Background/aims: 18F-fluorodeoxyglucose uptake allows estimation of glucose metabolism by tumor cells using positron emission tomography (PET). We evaluated the role of PET imaging in the diagnosis of hepatocellular carcinoma.
Methods: PET images were collected after intravenous injection of 8-12 mCi of 18F-FDG in 20 patients with hepatocellular carcinoma (HCC). PET tumor activity level was assessed on a scale of 1 to 4 compared to normal liver tissue. The PET score was compared with abdominal computerized tomography (CT) scan results and between tumors of different grades and differentiation.
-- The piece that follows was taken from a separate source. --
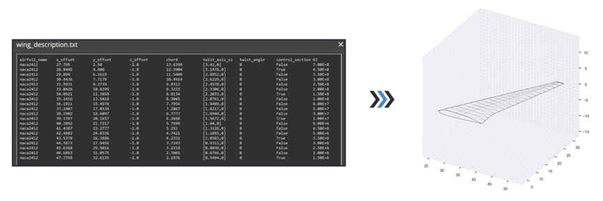 將機翼描述為一個三維曲面,并指定構(gòu)成機翼的所有橫截面的參數(shù)。這些信息可以保存在一個文本文件中(圖3),該文件稍后將用作工作流程的輸入和輸出。

Results: Of the 20 patients studied, 11 (55%) had positive PET scans (PET score: 3 or 4) while nine (45%) were negative (PET score: 1 or 2). CT scan was positive in 18 patients (90%) and negative in two (10%). PET, however, revealed metastases in three patients that were not seen on CT. On pathological review, well-differentiated and low-grade tumors had lower PET scores. Comparison of the well-differentiated with the moderately- and poorly-differentiated tumors revealed a statistically significant difference. No statistical significance was observed between the moderately- and poorly-differentiated tumors or between different tumor grades and PET scores.
Conclusions: The sensitivity of PET in diagnosis of HCC was 55% compared to 90% for CT scanning, although only PET detected some tumors (including distant metastases). Well-differentiated and low tumor grades had lower activity on PET and correspondingly lower PET scores. PET imaging may help assess tumor differentiation and may be useful in the diagnosis and staging and prognostication of HCC as an adjunct to CT.